Screams enveloped the Donbass Arena in the Ukranian city of Donets’k. The clock hit the half hour mark as an impressive England side took the surprise lead against France. Their celebrations didn’t last long as they only held the lead for nine minutes.
England manager Roy Hodgson’s men showed promise though. Not only was the back four an impenetrable wall but the supposed offensive side of the squad actually made the opposition struggle. The 1-1 draw should be a blessing as it shows how far an inconsistent England team has journeyed. The once-ignorant players have learned from their trivial mistakes and have now been transformed into a neat, organized team; courtesy of Roy the Redeemer (check out the statue, there actually is one!).
A surprise inclusion was Alex Oxlade-Chamberlain, an 18-year-old who has quickly forced his way into the Arsenal first team. I’m a big admirer of the player. I don’t think I can even detect a single fault when he performs, even at a tender age. The Ox is tactically bright and his vision with the ball is astounding. On a couple of occasions, he outmaneuvered his French counterparts, only for his lacking experience unable to pull off the finishing touch. Yet his debut was encouraging. The left flank was his own, showcasing his surging runs and attack prowess.
All the praise cannot be reflected on James Milner. His mind has been changed on numerous occasions; first he’s a right winger then he’s a central midfielder. I just think there are far more realistic options on the right side of midfield, where he performed dully against France. He didn’t have the pace to outrun his opposition and his passing was always intercepted. Consistency is the key but, on the night, was just not on his side. A more natural winger is Theo Walcott who can do all the things Milner can’t. To my dismay, Hodgson only realized 90 minutes from kickoff to use Walcott. This has to change in the next match.

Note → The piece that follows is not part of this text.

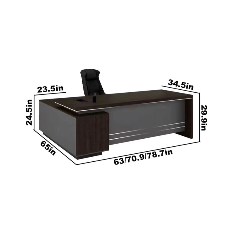 The Jasper Executive Desk brings a grounded, contemporary presence to workspaces with its balanced layout and refined materiality. Constructed from E1-grade Medium Density Fiberboard (MDF), this desk is engineered for strength and stability while maintaining low formaldehyde emissions. The core structure provides a solid foundation that resists warping or sagging over time, making it ideal for high-use executive environments. Finished with a laminated coating in Adonis Gray and Oak, the surface offers a durable shield against daily wear including minor abrasions, stains, and heat. The woodgrain-inspired palette gives the unit a warm yet professional tone suited for both traditional and modern interiors.

Hint: Walcott on the right wing, instead of Milner means a goal-hungry machine looking to score.
Something I hate to admit is the valiant performance of right back Glen Johnson. I will always stick to my gut and proclaim that Kyle Walker or Micah Richards would’ve been the more effective options. However, the Liverpool man’s attacking and defending aspect of his game improved. He should be allowed another chance, on Friday, to save his England career before Walker or Richards dethrone him.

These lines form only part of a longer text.